Before political leaders could take action against cell phones in classrooms, the school supervisor at Shaw Harry, New York, a rural district about 40 miles west of Albany, was on track with his crusade against Big Tech's adolescent mind command. By the beginning of the 2022 school year, David Blanchard, who had been appointed director seven years ago, had implemented Bell2 Bell policy. This meant that students would not be able to use their mobile phones (or smartwatches or earphones) at any point during the school day, rather than lunch or the transition period to a learning hall or a class.

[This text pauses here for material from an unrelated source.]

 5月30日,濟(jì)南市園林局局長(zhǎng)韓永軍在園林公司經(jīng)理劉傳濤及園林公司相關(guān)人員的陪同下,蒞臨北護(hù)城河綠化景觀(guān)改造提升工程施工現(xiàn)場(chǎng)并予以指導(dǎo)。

The effort certainly seemed extreme. This was before Jonathan Hyde's book, The Anxiety Generation, promoted a consensus on the destructive impact mobile phones had on teenage mental health, before the former surgeon general's call for warning labels on social media platforms. Mr. Blanchard was troubled by all the mutilations he had seen. His experiments quickly benefited.

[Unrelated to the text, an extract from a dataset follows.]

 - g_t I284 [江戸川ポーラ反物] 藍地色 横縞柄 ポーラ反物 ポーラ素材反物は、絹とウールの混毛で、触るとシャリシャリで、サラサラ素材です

“I've found a transformative environment,” he told me recently. “We expected the kids to cry and be broken. We quickly saw them talking to each other and having a conversation in the lunchroom.”
One unexpected outcome is that students flooded the counselor's offices for help in how to directly resolve the current conflict. Previously, if they found themselves in some sort of battle with someone online, they would have called or texted their parents for advice on how to deal with it, Blanchard told me. “Now, students were realising that their friends were in front of them, not social people, but in front of them, not in towns of a few people they had never met.” Enrollment in elective classes rose when the option to scroll your path through a 40-minute free period was eliminated.
The success at Schoharie was an exhibit from Gov. Kathy Hochul's recent campaign banning mobile phones at schools across New York. At least eight states, including Florida and Louisiana, have enacted various types of restrictions. In September, Gov. Gavin Newsom signed the Call-free Schools Act, which required by July 2026 to devise a policy restricting smartphone use by all California school districts.
Governor Hochul's proposal follows the Schoharie Bell-to-Bell approach. In a rare example of a deal between labor and government, it is supported by the Federation of Teachers, a union representing teachers in New York City. As UFT President Michael Mulgleu said, “It's easy and we know what everyone expects.”
Yet, the formulation of all constraints in the proposal does not make it an obvious or simple sell. It was introduced in January as part of the state's current budget negotiations and is being opposed by several groups, such as the state's Board of Education Association. These groups support another strategy that comes out of the Capitol, which supports the notion that local jurisdictions should say about how policy-restricted phone use is devised.
Studies comparing students with or without a classroom mobile phone generally show better academic performance among mobile phones. The advantage of protecting the device from the hands of middle schoolers a day is that it reduces the time teachers have to waste phone use and minimizes the chance that a snapchat eruption at lunchtime will kill the chances of paying attention to the “Moby Dick” argument in the afternoon. At Schoharie, students put smartphones with magnetic locks in their pouches. This is the type used in stores to prevent theft.
In recent years, parents across the country have demanded more and more control over what their children are reading and doing at school. The members most opposed to the ban on all-day calls are mothers and fathers who appear to be obsessed with constant parent-child contact. Gov. Hochul spoke to an intense first-grade teacher who told her he was overseeing a classroom full of kids wearing smart watches. “Mom and Dad were checking all day long, saying, 'I miss you, I can't wait to see you,'” the governor told me. “That's a parent's needs,” she said. “It's not a need for students,” she said, and the continuation of these patterns was bound by preventing children from appearing as fully functional adults.
Sadly, it is too rational fear for many parents, and catastrophic things can happen in school without reaching the child. It is fantasy that communication saves them. Throughout the development of the proposal, the governor's office came in and spoke to the school group to explain how the concept was wrong. In emergencies, calls can be distracting because they focus on children being entrusted to keeping themselves safe. Calls and text create an added panic.
If the governor's proposal passes, it will take effect in September. Shaw Harry's parents were very resistant to the ban at first, Mr. Blanchard told me. But they came when they realized that their addiction had broken and it was much easier to manage a child's digital life at home, and that it was far more pleasing to see them interacting with the world without staring at their hands.